Prodigy: The Icarus Society sees the return of Edison Crane, a man who processes information at an almost quantum level. The information flooding his brain would concievably drive someone insane, but no doubt Crane takes weekly therapy appointments with one of his subconscious selves to ensure he works out any and all psychological issues. Because he needs constant stimulation, the billionaire inventor, daredevil, and mystery solver routinely seeks out challenges to overcome -- and sets them up for himself if the world won't oblige.

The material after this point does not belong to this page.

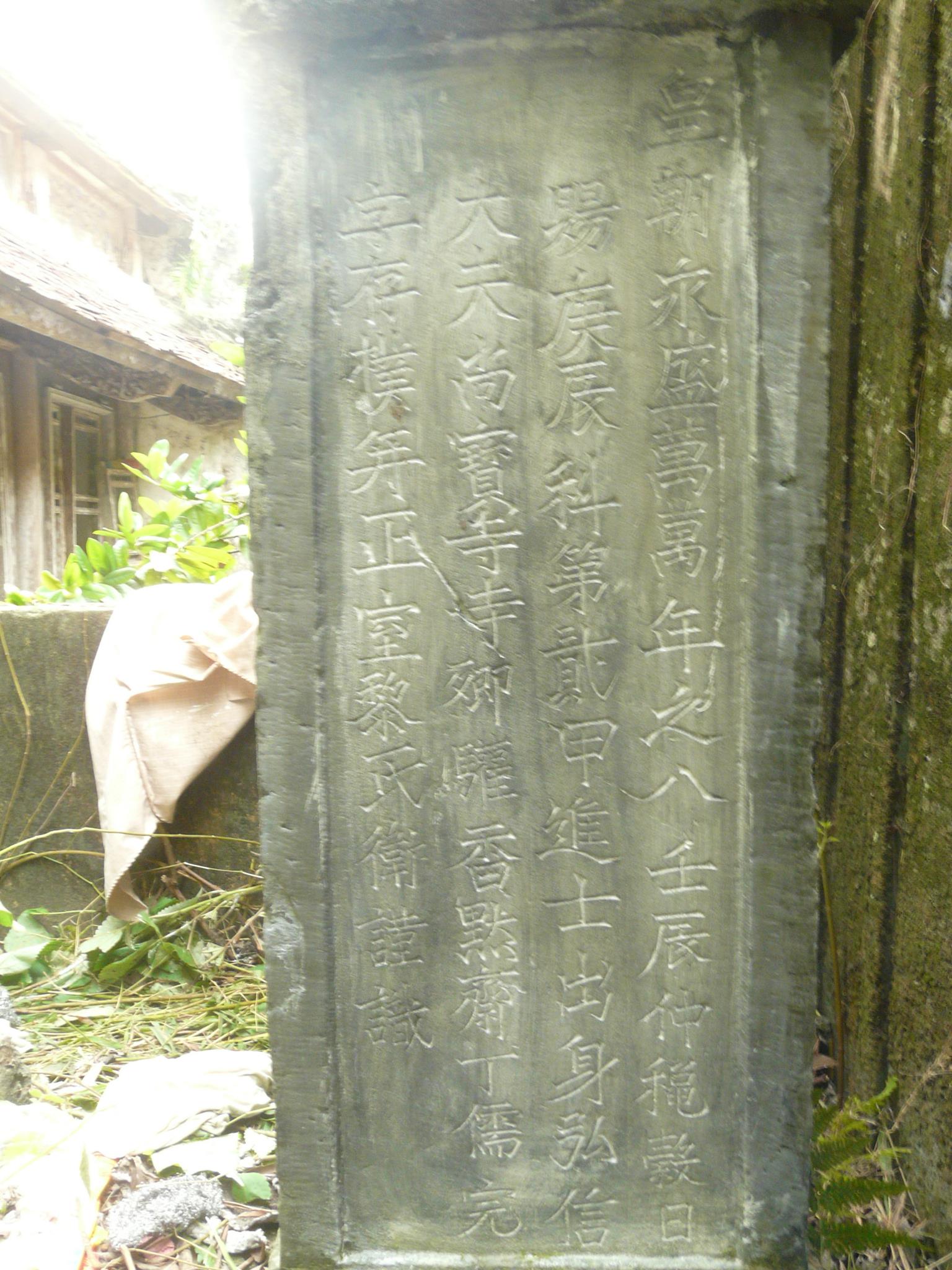 2. Thời gian viết văn bia là các năm Vĩnh Thịnh thứ tư (Mậu Tý 1708), Vĩnh Thịnh thứ năm (Kỷ Sửu 1709) và Vĩnh Thịnh thứ tám (Nhâm Thìn 1712) cùng với bài Minh khắc trên KHÁNH MẶC TRAI.

But now the smartest man in the room is no longer a solo act. Enter Dr. Lucius Tong, another with the patience, planning, and preternatural intelligence to rival Crane's -- only he's on the amoral side of Crane's altruistic ethics. When we first meet Dr. Tong, he is being taken to prison after drawing in Crane to a hostage scene and handcuffing himself before surrendering. It's a foreboding scene that communicates Tong's cold intellect clearly to the reader. But if Al Jolson were writing the review on this issue, he'd no doubt look toward you now and say, "You ain't heard nothing yet."
But to tell you more of just how chilling is the mind of Tong would be to spoil the rest of this book, which is interspliced with scenes of Crane continuing to provide challenges for himself, such as racing cheetahs and writing fully-informed novels in his head that he will never publish
Prodigy: The Icarus Society is all the eye-popping, jaw-dropping, mind-agog-a-gogo brilliance that you find in some of the better known comic titles Millar has produced. Matteo Buffagni's artwork is a departure from the style Rafael Albuquerque brought to the first volume, a step toward more traditional comic book realism In a way, that takes makes the new arc a bit less believable than the first, where Albuquerque's more cartoonish style reminded you that this was a world where it was okay to be over-the-top and outlandish. Did I say "less beliefable?" No, that's not quite right as it sounds like I'm detracting from Buffagni's contribution. Less comfortable would be more likely. More frightening, more spine-tingling. More relateable -- which makes it all the more terrifying.
If you enjoy stories about the super-intellectual along the lines of Sherlock and Tom Swift, you don't want to miss this. And if you missed the first story arc, be sure to grab up the collected edition.